Vice President JD Vance said Tuesday that the Trump administration would restart military aid to Ukraine and formalize a framework mineral rights deal if Ukrainian President Volodymyr Zelensky and his team talk “privately” with the US about negotiating a peace deal.
President Trump “wants the Ukrainians to come to the negotiating table,” the VP told reporters at the Capitol ahead of Trump’s address to a joint session of Congress.
“I think the president is still committed to the mineral deal. I think we’ve heard some positive things, but not yet, of course, a signature from our friends in Ukraine,” Vance went on, describing the agreement as “important” to Trump.
“I think when the Ukrainians come to the negotiating table, everything is on the table,” Vance, 40, said when asked about the resumption of military aid that the White House ordered paused Monday evening.
Zelensky met with Trump and Vance at the White House on Friday in anticipation of inking an understanding that would have created a joint US-Ukraine fund dedicated to extracting key minerals in the war-torn country.
Trump had touted the deal as a way to “get back” the billions of dollars the US had given to Ukraine since Russia’s invasion in February 2022, and Zelensky had celebrated the agreement as a means of getting a form of “security” through the presence of American businessmen on the ground.
But the deal quickly fell through after Trump, Zelensky and Vance got into a heated argument in the Oval Office about further security guarantees, with the VP and Trump accusing the Ukrainian president of being “disrespectful.”
Zelensky has since said repeatedly that he would still sign the mineral deal, writing on X on Tuesday that it’s “time to make things right,” but Trump has not spoken to him since the blowup.
Vance, at the Capitol, said the Trump team was less concerned about “public statements” than private indications the Ukrainians were willing to “meaningfully engage.”
“The public stuff doesn’t matter nearly as much as, ‘What are the Ukrainians doing to meaningfully engage on what a peaceful settlement would look like?’” he explained. “We need the Ukrainians to come to us privately and say, ‘This is what we need, this is what we want, this is how we’re going to participate in the process to end this conflict.’”
“That lack of private engagement is what is most concerning to us,” Vance added.
It was unclear as of midday Tuesday whether any communication had taken place between the administrations in Washington and Kyiv.
“Our meeting in Washington, at the White House on Friday, did not go the way it was supposed to be.
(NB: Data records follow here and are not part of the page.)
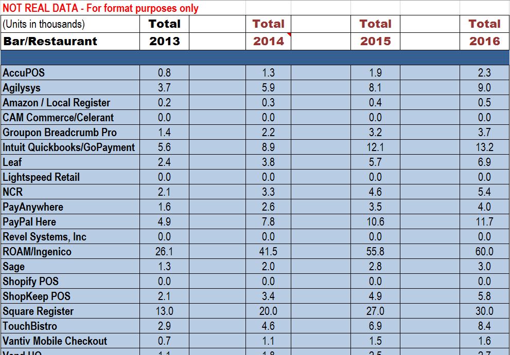 Date of publication September 1, 221 Mobile POS Software is one of the fastest growing areas in retail technology, but it is not growing at the same speed in all retail segments or even by the size of retailers. This research tracks the installs and shipments of software licenses in Mobile POS instances. It reviews the smaller retailers “mom and pop’s” that began the mobile POS trend and that are seeing tremendous technology disruption for traditional POS terminals. It also covers the forecast for the the fast rise in adoption of mPOS in the enterprise retailers. You would use this research to answer the following questions? How big is this market? How fast is it growing? Which vendors are winning? How much share does Square, Level Up, Shopkeep have? Are these vendors doing better than Enterprise vendors like Oracle, Toshiba and Starmount? How does the market growth differ for Enterprise verses SMB? This research will tell you. This research provides shipments and installed base on a quarterly and annual basis for vendors such as Square, Intuit, Shopify, Level Up, First Data, Paypal, Revel, NCR and Pay Anywhere at the SMB level, then Oracle, Infor, NCR, Aptos, Toshiba, and many others for use of mobile devices for POS. We look at shipments and installed base by segment and tier. Below in the Product Highlights section we get into the details of the data available. The Preview tab gives you some pictorial examples of the types of data available. This data is meant to be used in conjunction with the Mobile POS Study which provides the qualitative background of the trends. It is in this study where we discuss trends, barriers to entry, and growth assumptions. The data here is purely quantitative in nature. We are thankful to the vendors who participate in sharing data points to make this as accurate as possible. The data is customized for segment or if SMB or Enterprise. The pricing ranges from $1,500-$6,000 depending on the segments chosen. Highlights Initially this Mobile POS Software Share is focused only on the North American market. The data is provided with Shipments and installed base with the following roll-ups
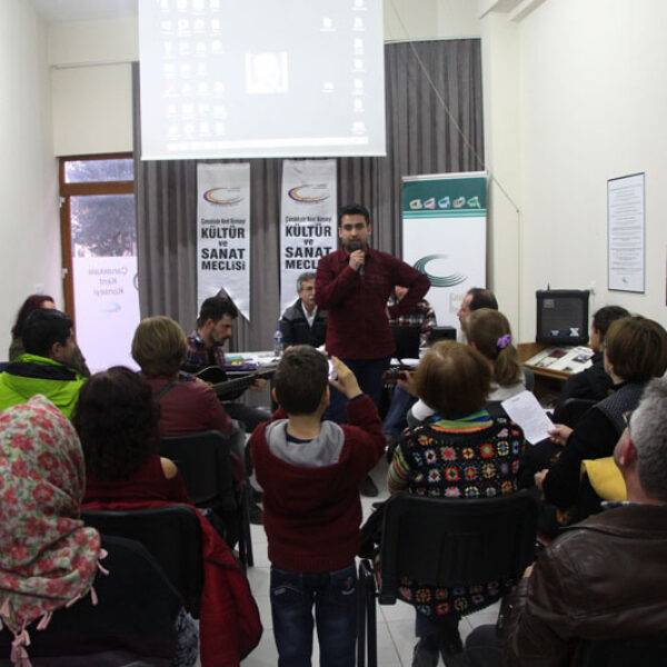 Kültür ve Sanat Meclisi Yürütme Kurulu üyesi Zerrin Saraçoğlu açılış konuşmasında kısaca Sabahattin Ali’nin bazı özelliklerinden söz etti. Halil Özçelik yaptığı sunumda hayatı ile ilgili yaşanmışlıklarını katılımcılarla paylaştı. Zerrin Saraçoğlu “Kudurmak” isimli şiiri seslendirerek seyircinin ilgisini topladı. Volkan Konak’ın “Göklerde Kartal Gibiydim” şarkısı salondakilerle birlikte söylendi.
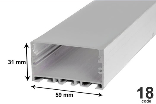 پروفیل لاینر کد 18 روکار عرض59 میلی متر عمق 31 میلی متر
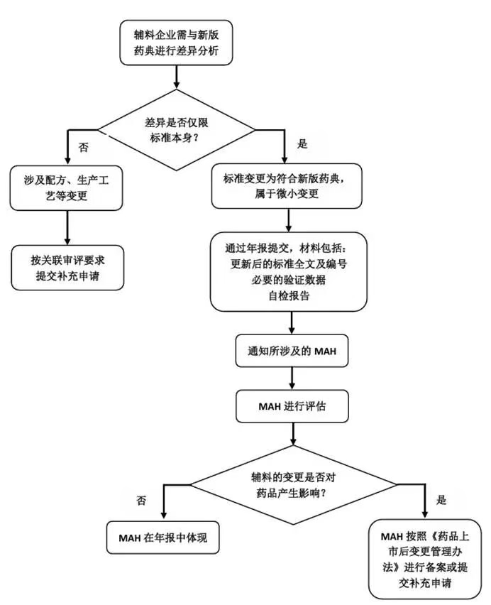 药用辅料企业为符合2025年版《中国药典》要求而进行的药用辅料标准变更,仅涉及变更药用辅料标准且该标准满足《中国药典》要求的,可将更新的药用辅料标准在年报中体现,年报中应包括更新后的标准全文和标准编号,以及必要的验证数据和自检报告等,及时通知相关药品上市许可持有人。药品上市许可持有人应及时就相应变更对药品制剂质量的影响情况进行评估或研究,并按照《关于实施2025年版〈中华人民共和国药典〉有关事宜的公告》和关联审评的有关要求执行。”
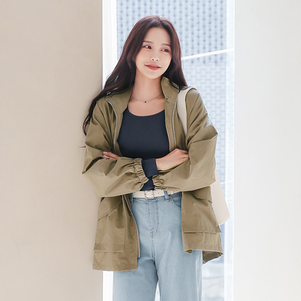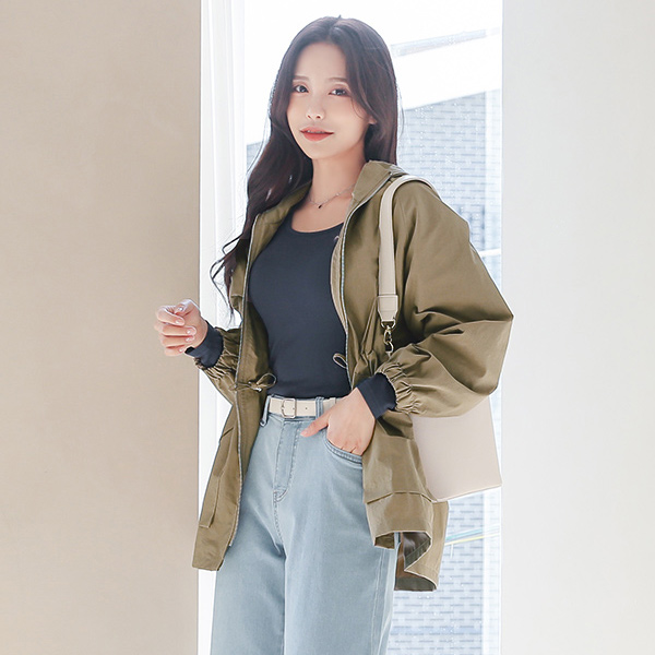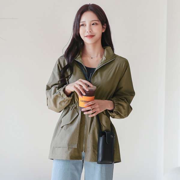 ライト コーティング ハイネック ストリング ウインド ジャンパ
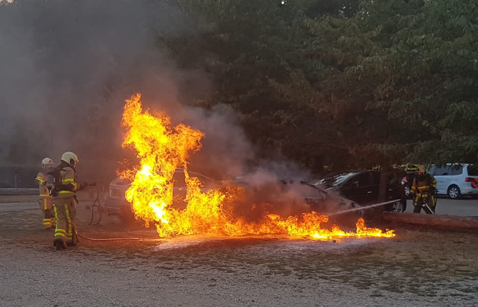 De oorzaak is onbekend, maar mogelijk gaat het om een technisch mankement. Overige auto’s op de parkeerplaats zijn door de brandweer natgehouden om schade te voorkomen.
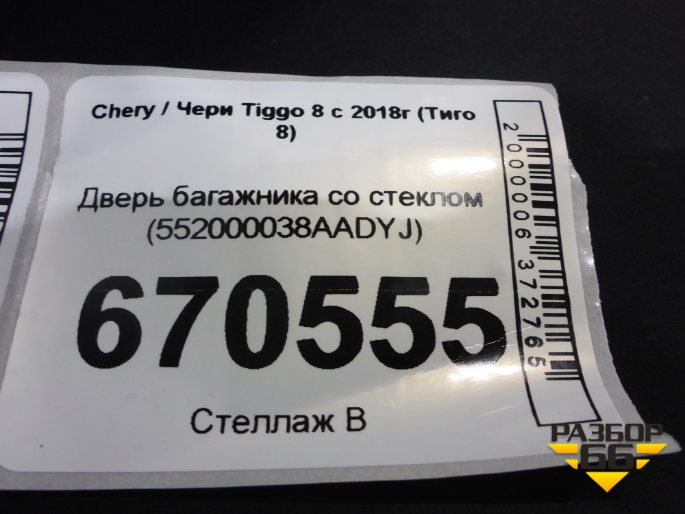 Дверь багажника со стеклом (552000038AADYJ) для Chery Tiggo 8 с 2018г (Тиго 8) в Челябинске

It is regrettable that it happened this way. It is time to make things right. We would like future cooperation and communication to be constructive,” the Ukrainian president wrote on X Tuesday morning.
“Regarding the agreement on minerals and security, Ukraine is ready to sign it in any time and in any convenient format. We see this agreement as a step toward greater security and solid security guarantees, and I truly hope it will work effectively.”